I was a college student at the time and got a copy of the novel, read it and loved it. So I wrote a “wannabe a writer” letter to Ponicsan, care of his Hollywood agent. Mr. Ponicsan wrote me a nice letter in return, with advice and encouragement and one important caveat. The last line of his letter was, “Be prepared for an apprenticeship of years.” That was 21 years before my first novel came out.

But is Write what you know still sound advice? If you incorporate your special area of expertise in a natural fashion (say, as a lawyer writing legal thrillers), it’s fine. What’s not fine is if it’s taken as Write only what you know. That, it seems to me, destroys one of the great joys of being a writer—the ability to go anywhere, create any character, so long as you do enough research to make it all ring true.

Thus, the better advice, it seems to me, is Write what you WANT to know.

Toni Morrison

I recently came across a 2014 interview with Toni Morrison in which she said:

I may be wrong about this, but it seems as though so much fiction, particularly that by younger people, is very much about themselves. Love and death and stuff, but my love, my death, my this, my that. Everybody else is a light character in that play.

She continues:

When I taught creative writing at Princeton, [my students] had been told all of their lives to write what they knew. I always began the course by saying, “Don’t pay any attention to that.” First, because you don’t know anything and second, because I don’t want to hear about your true love and your mama and your papa and your friends. Think of somebody you don’t know. What about a Mexican waitress in the Rio Grande who can barely speak English? Or what about a Grande Madame in Paris? Things way outside their camp. Imagine it, create it. Don’t record and editorialize on some event that you’ve already lived through. I was always amazed at how effective that was. They were always out of the box when they were given license to imagine something wholly outside their existence.

What a refreshing counterpoint to sticking to “what you know.” Go outside the camp. Be reckless, be an explorer. Imagine it, then create it.

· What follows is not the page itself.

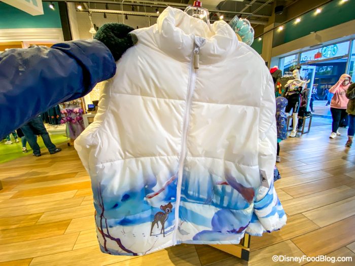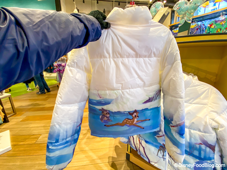 There are two new puffy coats in DisneyStyle! The first one has Bambi on it, frolicking in the snow.
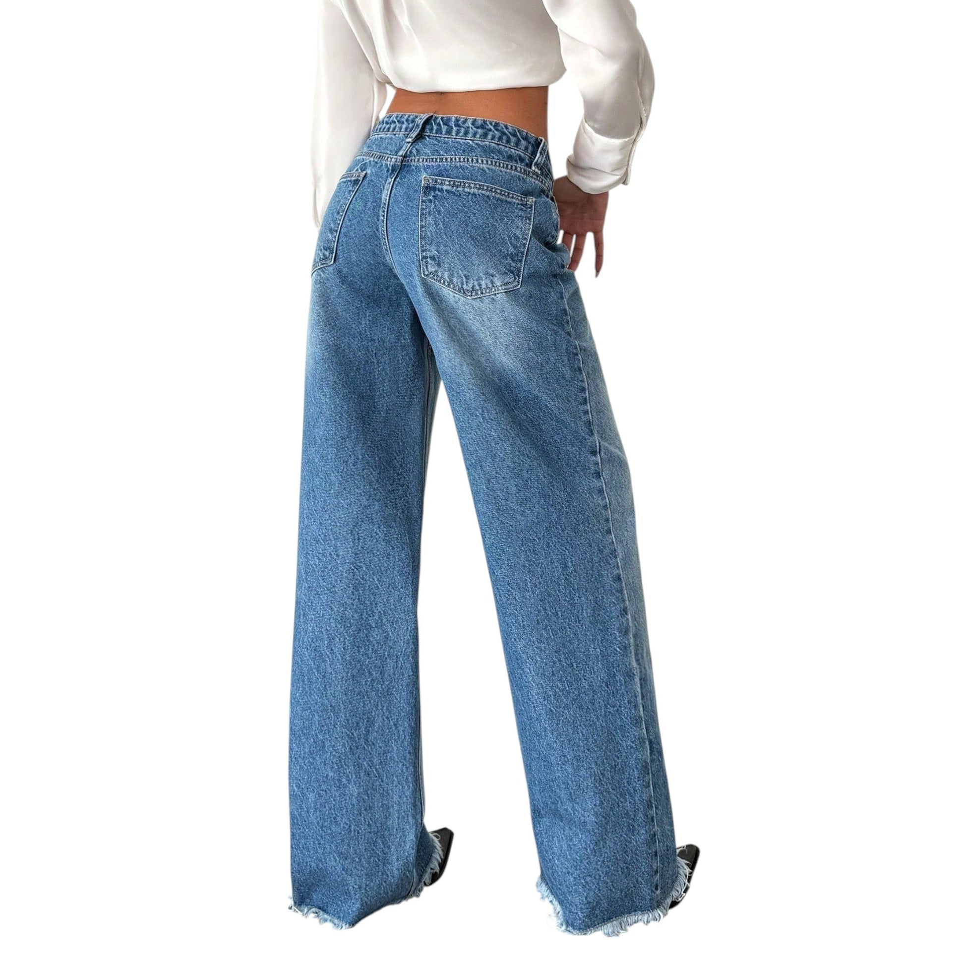 Címke nélküli, világoskék, alacsony derekú, bő szárú, rojtos szélű farmer.

Part of the imagining, of course, involved research.

As I look back on my own writing, I notice that at least half the time I’m writing about a woman protagonist.

How on earth did that happen?

Well, first of all, I find women more fascinating than men. I’m a simple creature. My wife is complex. I count our 37 years of marriage as not only an adventure in love, but also an engagement in a ton of research. Which is why Mrs. B is always the first to read my work. I need to get this stuff right.

When I came up with the concept for the Kit Shannon series, the publisher I pitched it to had the idea of teaming me up with one of its top-selling authors, Tracie Peterson. We got along famously. We brainstormed the plots and I wrote the first drafts. Tracie went over the drafts and tweaked and added more of what a woman would have thought, spoken, noticed. By the time we finished the third book, I felt I had inside me the voice we’d developed together. I was then able to go on and do three more of these novels on my own.

Which may have been the most enjoyable part of my career. I loved living through Kit Shannon, even though I have never been a woman living in 1903 Los Angeles. (Not many of us have, I venture to say.)

So follow Toni Morrison’s advice. Don’t be afraid to go outside your camp. It’s one of the great pleasures of writing fiction.

So what do you think of that old chestnut, Write what you know?